As children, we built forts out of pillows and cardboard boxes … no approvals, no fear of failure, just imagination and play. Now, as adults, we optimize for uptime and reliability. Production must be stable.

The challenge isn’t choosing between creativity and stability. It’s building the structures that support both.

Safe Spaces for Experimentation

You can carve out space away from production: sandbox environments, hack days, prototypes. Or you can enable safe experiments within production: pilot rollouts, feature flags, A/B testing. Ideally, you’re doing both.

But these methods alone aren’t enough. People need to feel safe using them. If the culture punishes failed experiments, no one will run them regardless of how many sandbox environments you provision.

How do you make space for safe exploration on your team? More importantly, how do you help people feel safe doing it?

Research Spikes

Once you’ve built the space, the next question is how to use it.
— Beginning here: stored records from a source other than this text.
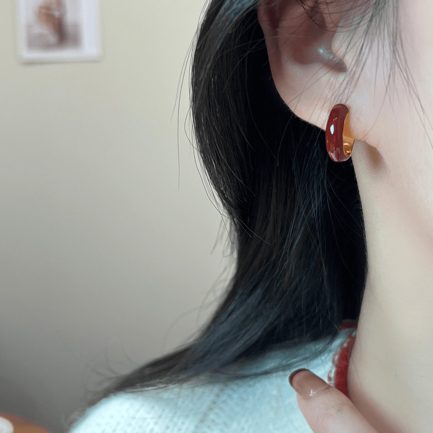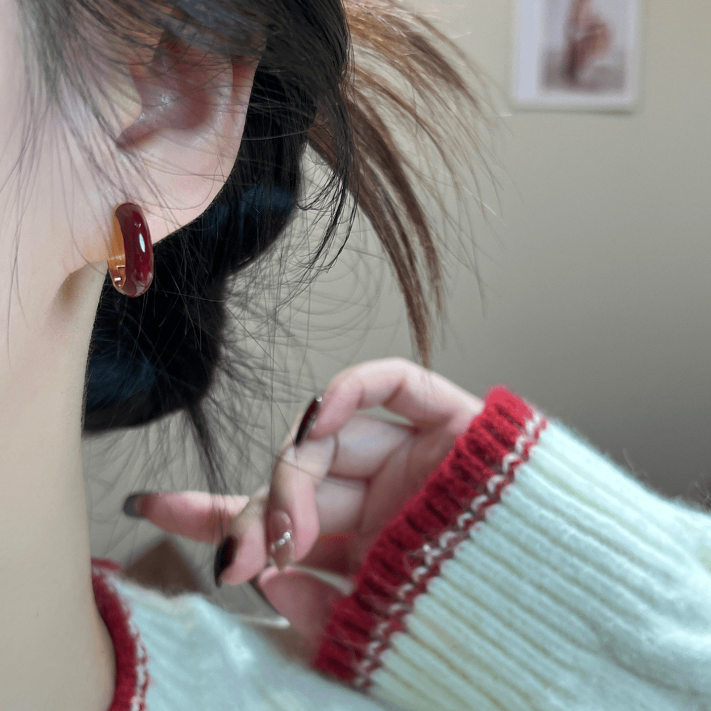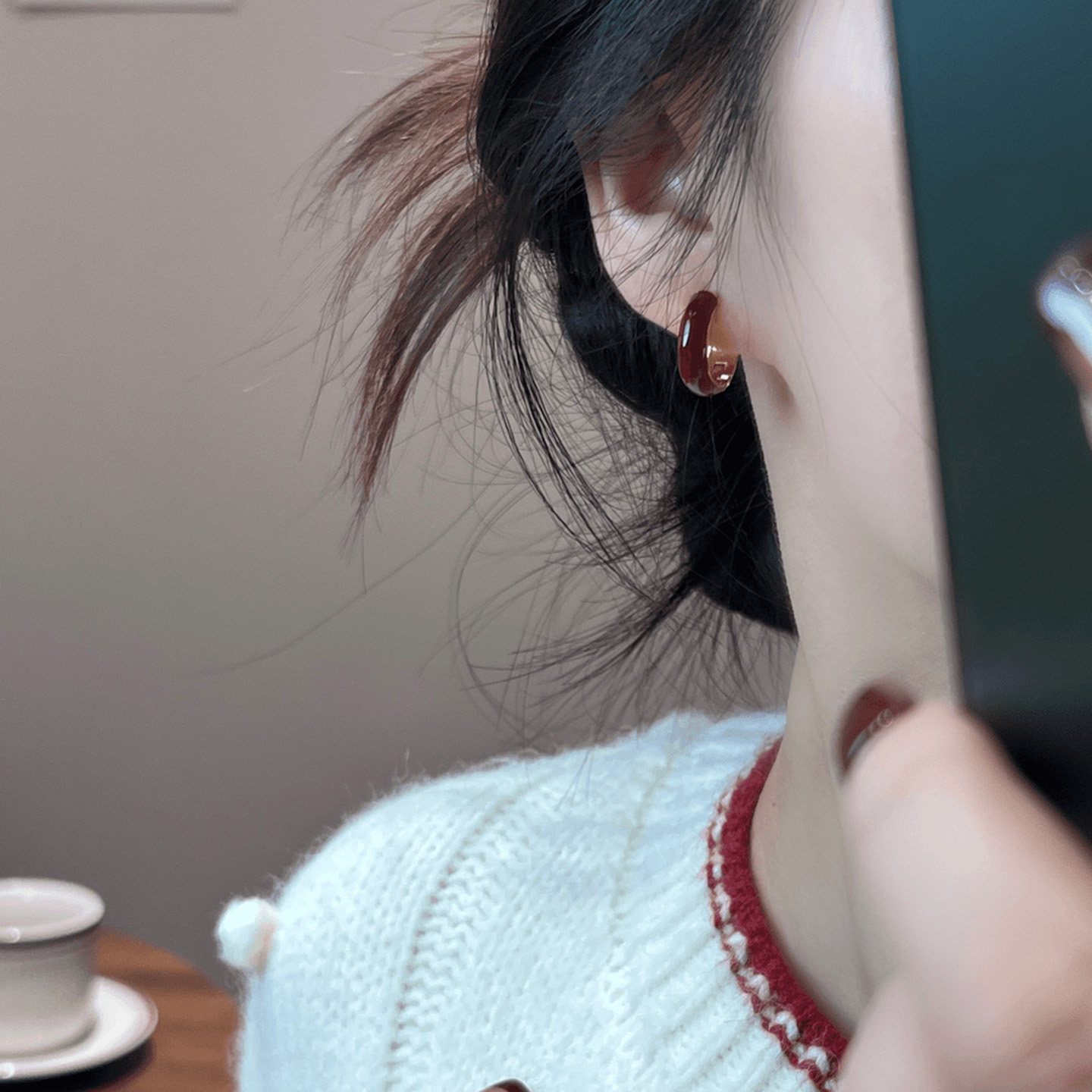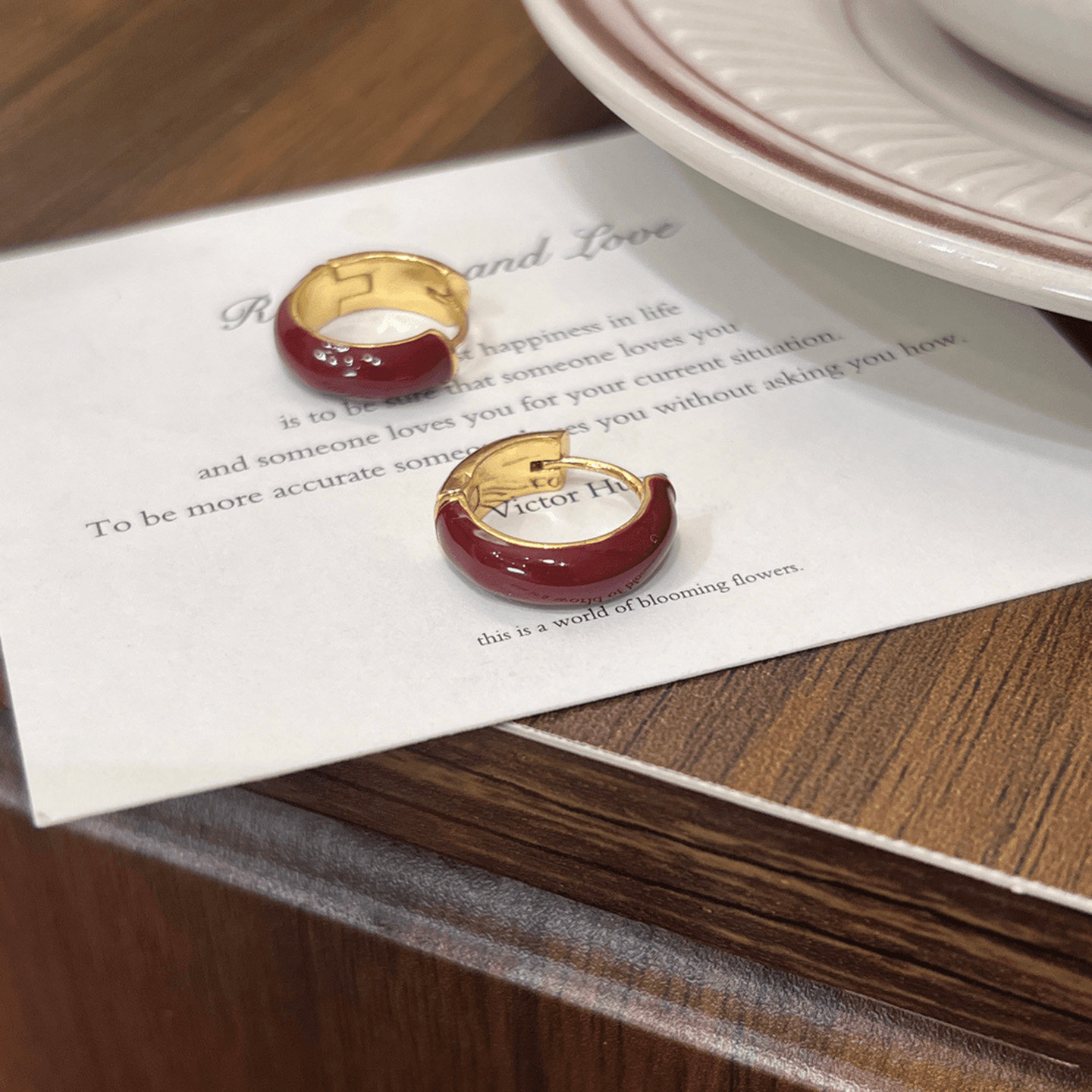 秋冬法式复古红色耳环女2025新款气质轻奢耳圈精致设计感小众耳饰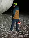Forsker Tim Carlsen ved UiO, her ved siden av måleballongen som ble brukt til å samle inn data om skylaget over Ny-Ålesund.(Foto: Julie Pasquier)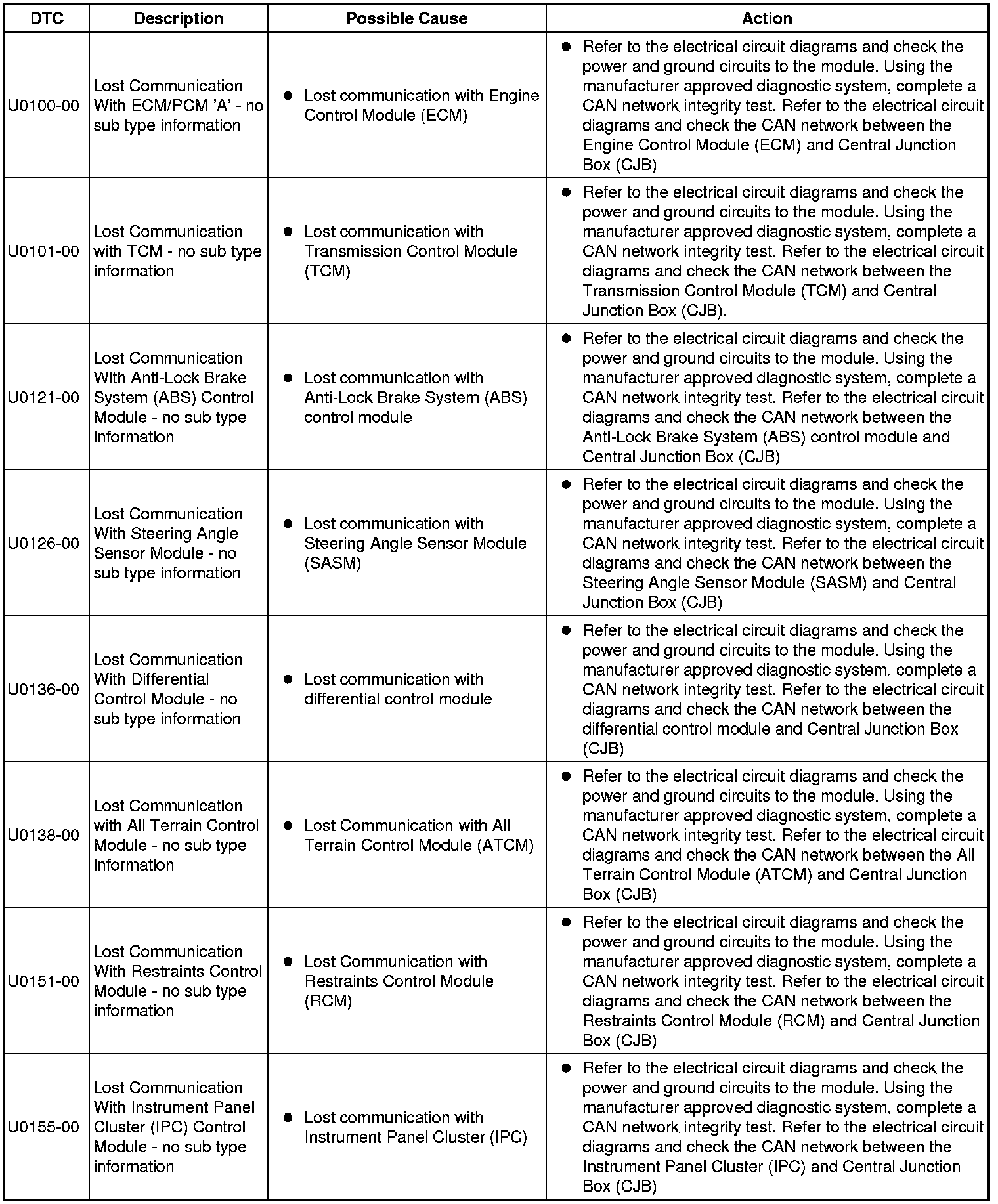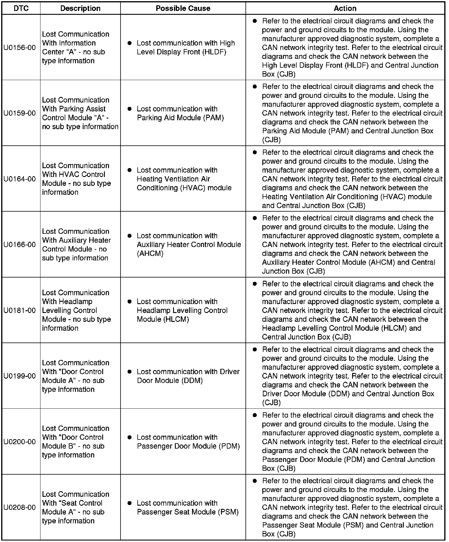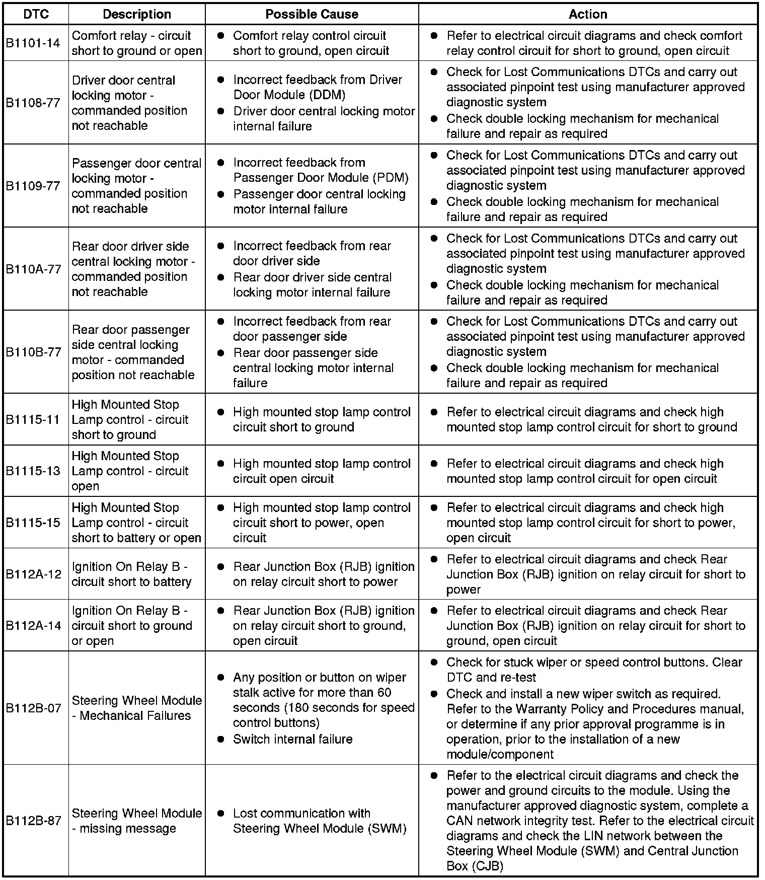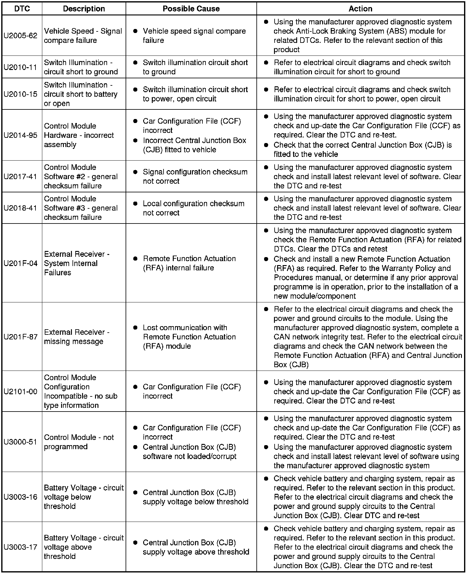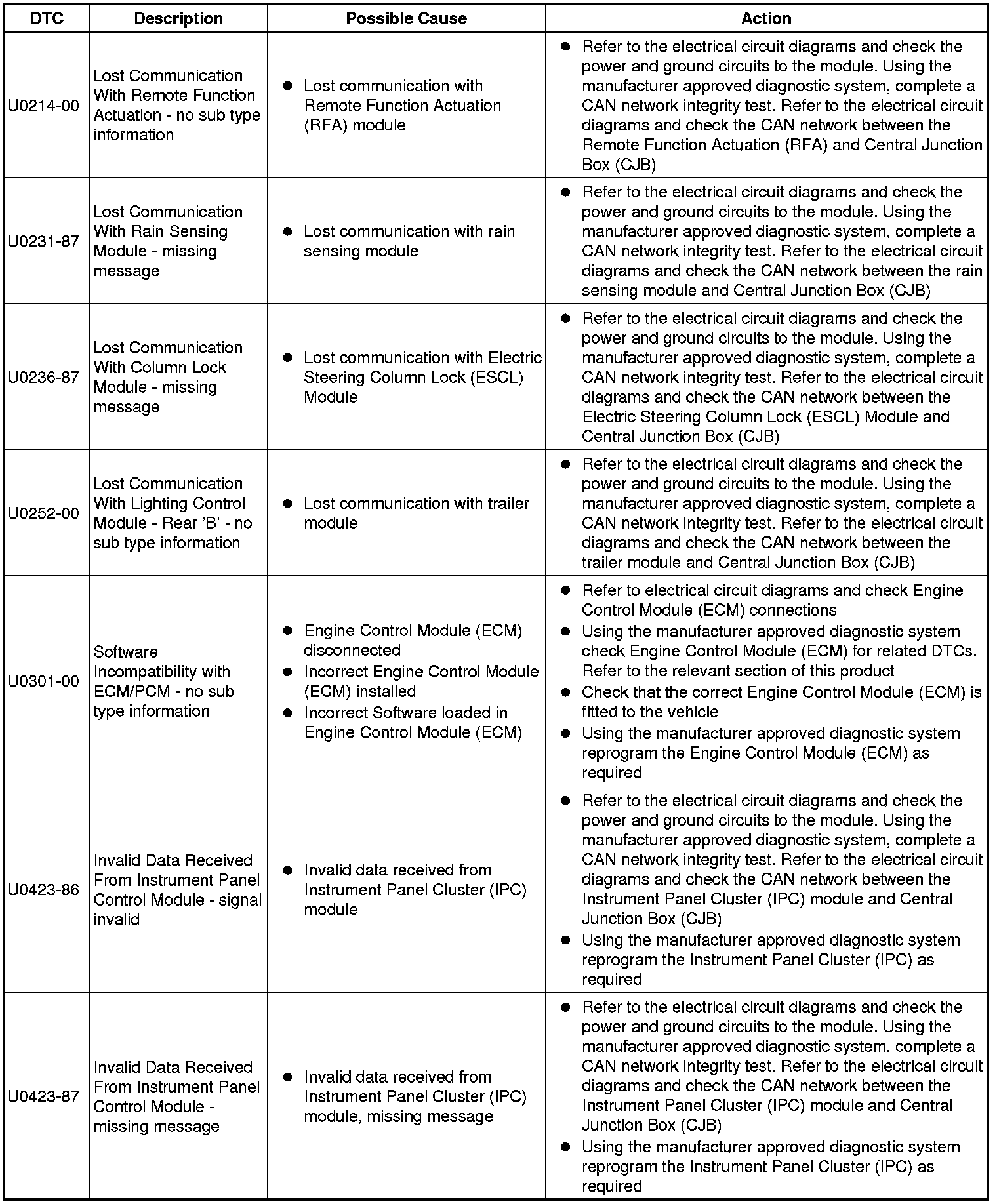 For a detailed description of the body control system, refer to the relevant Description and Operation section in this product. For additional information, refer to Communications Network Testing and Inspection

Just as scientists choose experiments to validate theories, strong technical leaders use targeted research spikes to uncover what lies beneath the surface.

To make your research spikes count, aim beyond the obvious:

  • Explore intersections. Look where infrastructure, user experience, and data flows converge. Systemic issues often emerge at the edges.
  • Validate assumptions. Use early research to pressure-test architectural decisions that may no longer serve your evolving system.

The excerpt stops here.